Information given Block Start
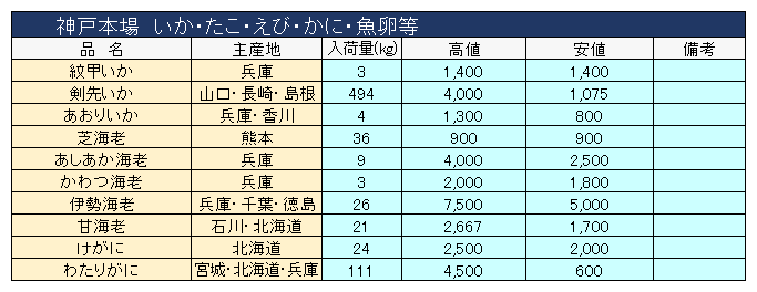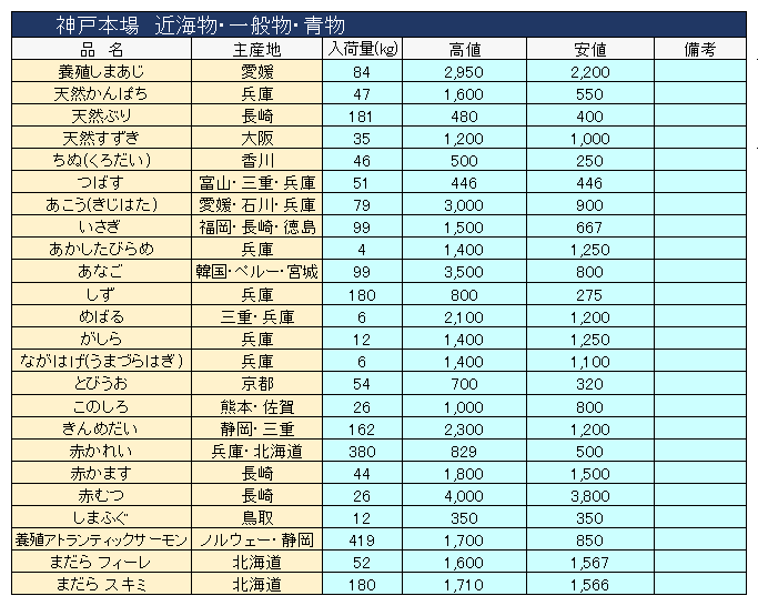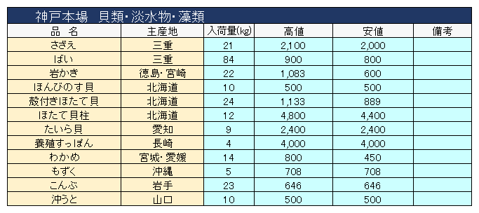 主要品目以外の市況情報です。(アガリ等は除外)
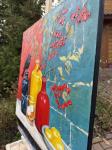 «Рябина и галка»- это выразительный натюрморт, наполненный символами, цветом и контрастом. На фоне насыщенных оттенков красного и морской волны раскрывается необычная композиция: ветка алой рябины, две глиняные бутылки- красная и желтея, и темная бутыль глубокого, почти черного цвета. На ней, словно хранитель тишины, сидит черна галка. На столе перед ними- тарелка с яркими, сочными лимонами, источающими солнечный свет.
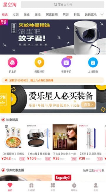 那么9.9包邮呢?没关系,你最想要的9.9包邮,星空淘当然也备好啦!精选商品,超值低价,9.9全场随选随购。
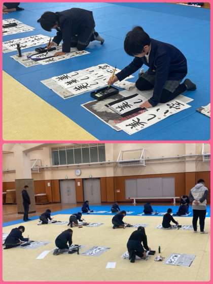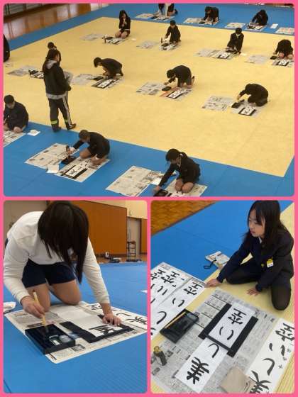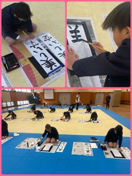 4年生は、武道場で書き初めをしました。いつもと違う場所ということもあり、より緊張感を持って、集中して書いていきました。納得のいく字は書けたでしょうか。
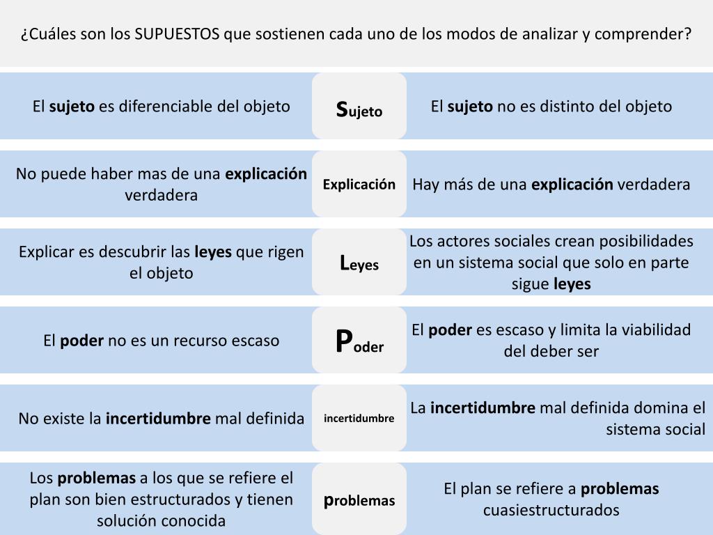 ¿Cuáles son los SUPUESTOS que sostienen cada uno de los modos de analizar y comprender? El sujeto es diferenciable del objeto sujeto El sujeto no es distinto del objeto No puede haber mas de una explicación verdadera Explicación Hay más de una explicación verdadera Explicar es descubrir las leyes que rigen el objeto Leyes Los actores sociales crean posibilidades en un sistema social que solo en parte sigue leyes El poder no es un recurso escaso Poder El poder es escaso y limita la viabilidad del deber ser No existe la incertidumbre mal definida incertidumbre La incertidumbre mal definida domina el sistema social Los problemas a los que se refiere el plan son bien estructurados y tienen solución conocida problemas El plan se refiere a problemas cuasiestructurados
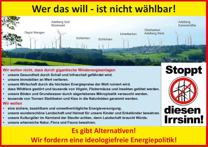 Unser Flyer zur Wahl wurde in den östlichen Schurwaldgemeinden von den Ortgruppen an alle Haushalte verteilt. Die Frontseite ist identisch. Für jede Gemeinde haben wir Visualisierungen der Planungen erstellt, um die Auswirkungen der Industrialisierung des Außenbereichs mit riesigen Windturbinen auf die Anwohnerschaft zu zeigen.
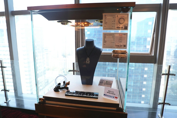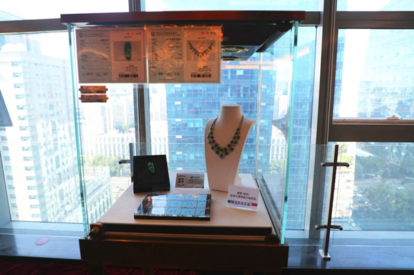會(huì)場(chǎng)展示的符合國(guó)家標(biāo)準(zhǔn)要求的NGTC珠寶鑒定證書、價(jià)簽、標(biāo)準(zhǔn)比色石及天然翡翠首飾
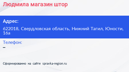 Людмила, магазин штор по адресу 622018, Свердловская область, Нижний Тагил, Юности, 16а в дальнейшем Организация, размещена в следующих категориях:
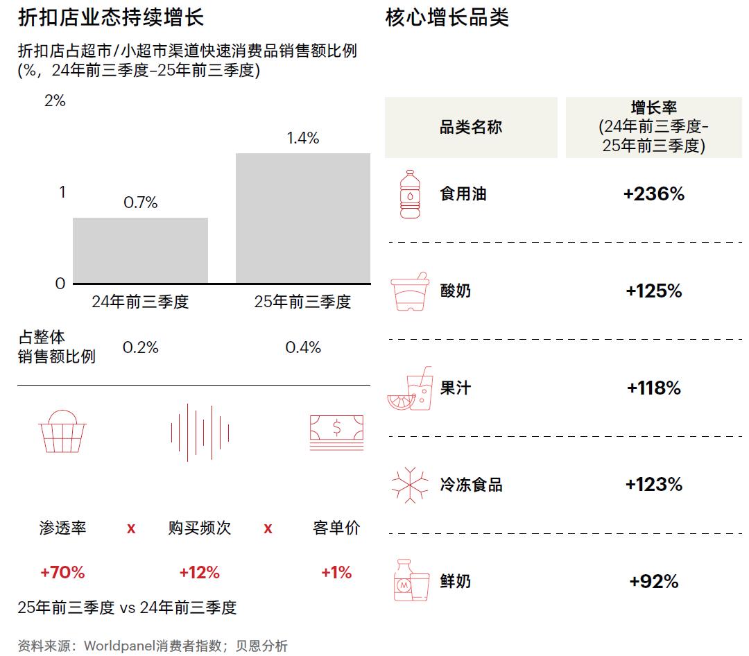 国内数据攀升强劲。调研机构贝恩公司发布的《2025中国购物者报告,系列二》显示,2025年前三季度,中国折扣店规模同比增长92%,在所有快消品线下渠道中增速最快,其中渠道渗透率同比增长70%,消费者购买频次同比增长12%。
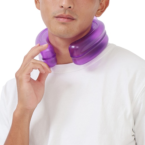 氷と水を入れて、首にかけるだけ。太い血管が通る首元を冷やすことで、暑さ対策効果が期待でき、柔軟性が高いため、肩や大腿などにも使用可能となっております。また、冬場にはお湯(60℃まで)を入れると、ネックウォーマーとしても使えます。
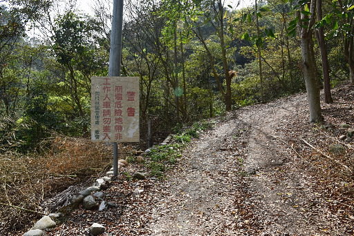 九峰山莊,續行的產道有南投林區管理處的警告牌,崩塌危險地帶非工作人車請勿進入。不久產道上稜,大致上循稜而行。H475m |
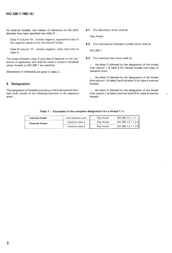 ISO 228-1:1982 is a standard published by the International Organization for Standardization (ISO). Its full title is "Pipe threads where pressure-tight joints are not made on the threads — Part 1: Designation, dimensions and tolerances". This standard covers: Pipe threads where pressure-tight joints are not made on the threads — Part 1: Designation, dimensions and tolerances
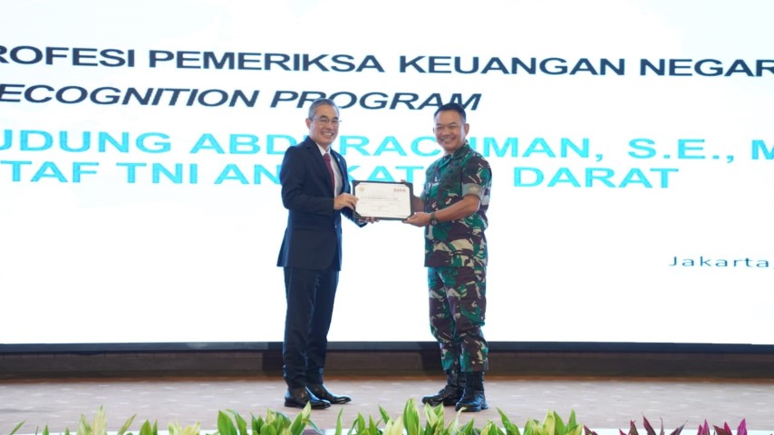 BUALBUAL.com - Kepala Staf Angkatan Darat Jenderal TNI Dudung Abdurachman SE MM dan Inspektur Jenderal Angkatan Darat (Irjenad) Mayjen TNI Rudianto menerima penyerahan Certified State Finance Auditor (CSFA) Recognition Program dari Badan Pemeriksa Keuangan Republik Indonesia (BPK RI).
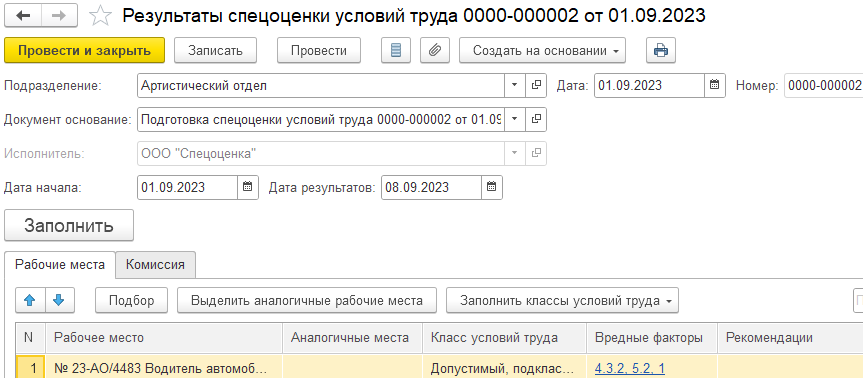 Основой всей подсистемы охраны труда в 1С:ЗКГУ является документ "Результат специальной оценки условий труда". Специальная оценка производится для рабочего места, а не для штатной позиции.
Information given Block End
Exercise directions: The stretch to restate runs from the line above containing "Unser Flyer zur" through the line containing "BUALBUAL.com - Kepala". Copy it word for word, ends included, without pictures.

Solution to the problem:
 Unser Flyer zur Wahl wurde in den östlichen Schurwaldgemeinden von den Ortgruppen an alle Haushalte verteilt. Die Frontseite ist identisch. Für jede Gemeinde haben wir Visualisierungen der Planungen erstellt, um die Auswirkungen der Industrialisierung des Außenbereichs mit riesigen Windturbinen auf die Anwohnerschaft zu zeigen.
會(huì)場(chǎng)展示的符合國(guó)家標(biāo)準(zhǔn)要求的NGTC珠寶鑒定證書、價(jià)簽、標(biāo)準(zhǔn)比色石及天然翡翠首飾
 Людмила, магазин штор по адресу 622018, Свердловская область, Нижний Тагил, Юности, 16а в дальнейшем Организация, размещена в следующих категориях:
 国内数据攀升强劲。调研机构贝恩公司发布的《2025中国购物者报告,系列二》显示,2025年前三季度,中国折扣店规模同比增长92%,在所有快消品线下渠道中增速最快,其中渠道渗透率同比增长70%,消费者购买频次同比增长12%。
 氷と水を入れて、首にかけるだけ。太い血管が通る首元を冷やすことで、暑さ対策効果が期待でき、柔軟性が高いため、肩や大腿などにも使用可能となっております。また、冬場にはお湯(60℃まで)を入れると、ネックウォーマーとしても使えます。
 九峰山莊,續行的產道有南投林區管理處的警告牌,崩塌危險地帶非工作人車請勿進入。不久產道上稜,大致上循稜而行。H475m |
 ISO 228-1:1982 is a standard published by the International Organization for Standardization (ISO). Its full title is "Pipe threads where pressure-tight joints are not made on the threads — Part 1: Designation, dimensions and tolerances". This standard covers: Pipe threads where pressure-tight joints are not made on the threads — Part 1: Designation, dimensions and tolerances
 BUALBUAL.com - Kepala Staf Angkatan Darat Jenderal TNI Dudung Abdurachman SE MM dan Inspektur Jenderal Angkatan Darat (Irjenad) Mayjen TNI Rudianto menerima penyerahan Certified State Finance Auditor (CSFA) Recognition Program dari Badan Pemeriksa Keuangan Republik Indonesia (BPK RI).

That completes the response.